TASK ITEM. A word-for-word copy of the data is what's wanted, with no pictures.

------------------------------------------------------------------------

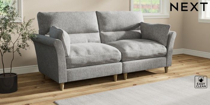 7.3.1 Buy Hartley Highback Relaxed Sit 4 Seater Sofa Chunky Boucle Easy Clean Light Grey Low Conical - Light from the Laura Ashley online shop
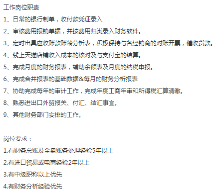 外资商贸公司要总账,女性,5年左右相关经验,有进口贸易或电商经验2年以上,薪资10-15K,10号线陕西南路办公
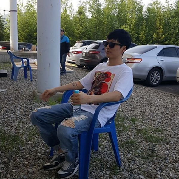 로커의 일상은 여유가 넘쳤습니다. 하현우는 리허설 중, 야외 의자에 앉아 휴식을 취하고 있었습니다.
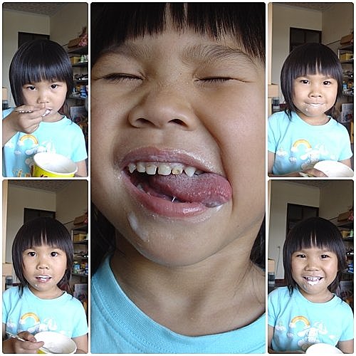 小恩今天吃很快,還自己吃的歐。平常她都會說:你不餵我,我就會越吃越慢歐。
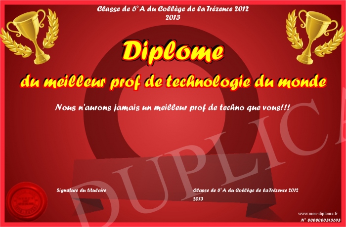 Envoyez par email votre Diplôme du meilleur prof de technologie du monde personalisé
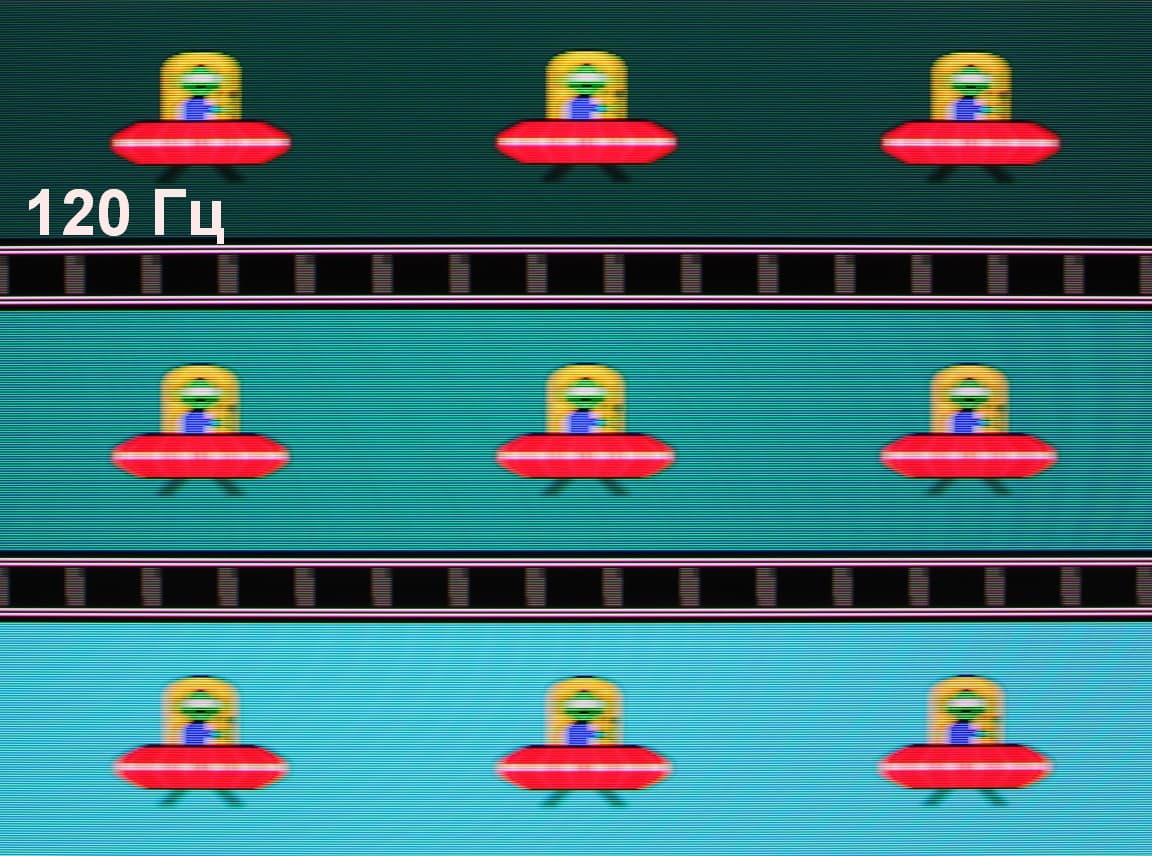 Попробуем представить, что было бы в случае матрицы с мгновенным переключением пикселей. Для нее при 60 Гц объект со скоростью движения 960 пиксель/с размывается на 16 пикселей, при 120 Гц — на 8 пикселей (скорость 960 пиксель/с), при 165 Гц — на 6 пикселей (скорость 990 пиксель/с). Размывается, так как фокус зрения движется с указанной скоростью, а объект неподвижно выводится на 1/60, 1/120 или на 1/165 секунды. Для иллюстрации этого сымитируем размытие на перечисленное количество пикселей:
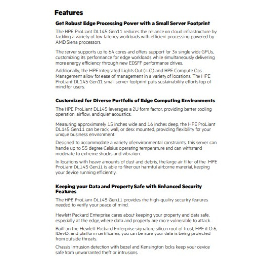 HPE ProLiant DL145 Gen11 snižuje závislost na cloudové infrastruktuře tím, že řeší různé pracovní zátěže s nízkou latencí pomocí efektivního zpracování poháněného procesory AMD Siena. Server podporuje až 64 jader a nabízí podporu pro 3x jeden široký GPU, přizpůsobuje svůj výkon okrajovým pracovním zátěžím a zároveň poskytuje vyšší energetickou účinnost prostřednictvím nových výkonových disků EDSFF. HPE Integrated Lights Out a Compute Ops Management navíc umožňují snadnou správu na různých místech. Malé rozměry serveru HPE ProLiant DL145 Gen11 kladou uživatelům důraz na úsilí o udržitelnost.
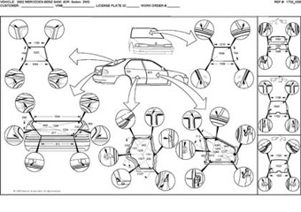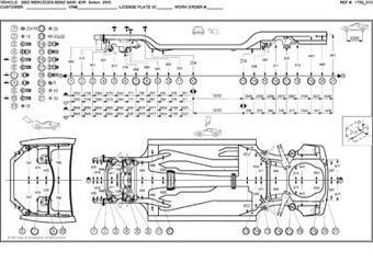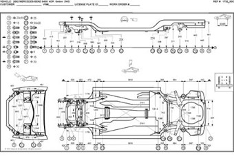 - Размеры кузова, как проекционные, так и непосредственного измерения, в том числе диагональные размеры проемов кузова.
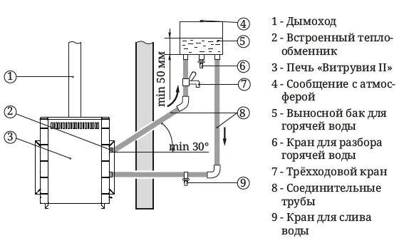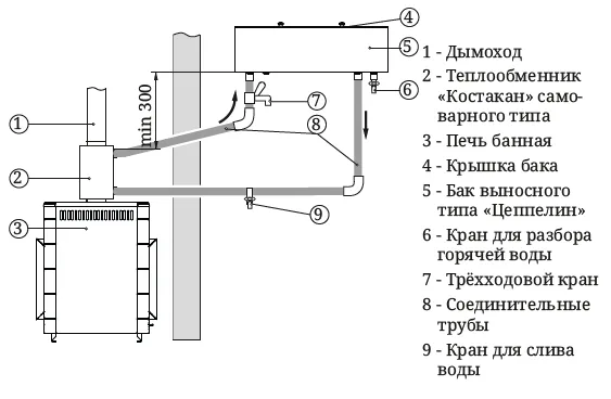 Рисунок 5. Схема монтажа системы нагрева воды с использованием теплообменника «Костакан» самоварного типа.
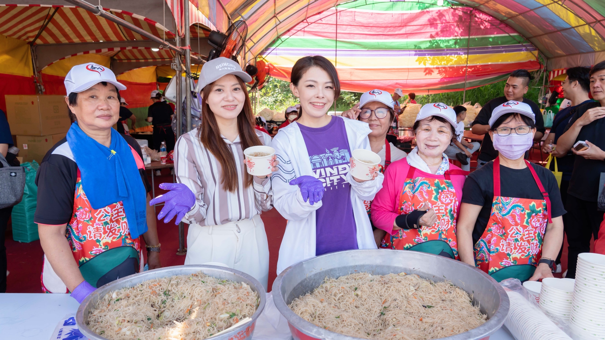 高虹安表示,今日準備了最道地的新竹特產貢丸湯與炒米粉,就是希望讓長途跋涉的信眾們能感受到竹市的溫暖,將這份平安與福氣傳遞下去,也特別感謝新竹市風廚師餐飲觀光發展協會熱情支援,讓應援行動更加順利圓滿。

------------------------------------------------------------------------

ANSWER AREA.
 7.3.1 Buy Hartley Highback Relaxed Sit 4 Seater Sofa Chunky Boucle Easy Clean Light Grey Low Conical - Light from the Laura Ashley online shop
 外资商贸公司要总账,女性,5年左右相关经验,有进口贸易或电商经验2年以上,薪资10-15K,10号线陕西南路办公
 로커의 일상은 여유가 넘쳤습니다. 하현우는 리허설 중, 야외 의자에 앉아 휴식을 취하고 있었습니다.
 小恩今天吃很快,還自己吃的歐。平常她都會說:你不餵我,我就會越吃越慢歐。
 Envoyez par email votre Diplôme du meilleur prof de technologie du monde personalisé
 Попробуем представить, что было бы в случае матрицы с мгновенным переключением пикселей. Для нее при 60 Гц объект со скоростью движения 960 пиксель/с размывается на 16 пикселей, при 120 Гц — на 8 пикселей (скорость 960 пиксель/с), при 165 Гц — на 6 пикселей (скорость 990 пиксель/с). Размывается, так как фокус зрения движется с указанной скоростью, а объект неподвижно выводится на 1/60, 1/120 или на 1/165 секунды. Для иллюстрации этого сымитируем размытие на перечисленное количество пикселей:
 HPE ProLiant DL145 Gen11 snižuje závislost na cloudové infrastruktuře tím, že řeší různé pracovní zátěže s nízkou latencí pomocí efektivního zpracování poháněného procesory AMD Siena. Server podporuje až 64 jader a nabízí podporu pro 3x jeden široký GPU, přizpůsobuje svůj výkon okrajovým pracovním zátěžím a zároveň poskytuje vyšší energetickou účinnost prostřednictvím nových výkonových disků EDSFF. HPE Integrated Lights Out a Compute Ops Management navíc umožňují snadnou správu na různých místech. Malé rozměry serveru HPE ProLiant DL145 Gen11 kladou uživatelům důraz na úsilí o udržitelnost.
 - Размеры кузова, как проекционные, так и непосредственного измерения, в том числе диагональные размеры проемов кузова.
 Рисунок 5. Схема монтажа системы нагрева воды с использованием теплообменника «Костакан» самоварного типа.
 高虹安表示,今日準備了最道地的新竹特產貢丸湯與炒米粉,就是希望讓長途跋涉的信眾們能感受到竹市的溫暖,將這份平安與福氣傳遞下去,也特別感謝新竹市風廚師餐飲觀光發展協會熱情支援,讓應援行動更加順利圓滿。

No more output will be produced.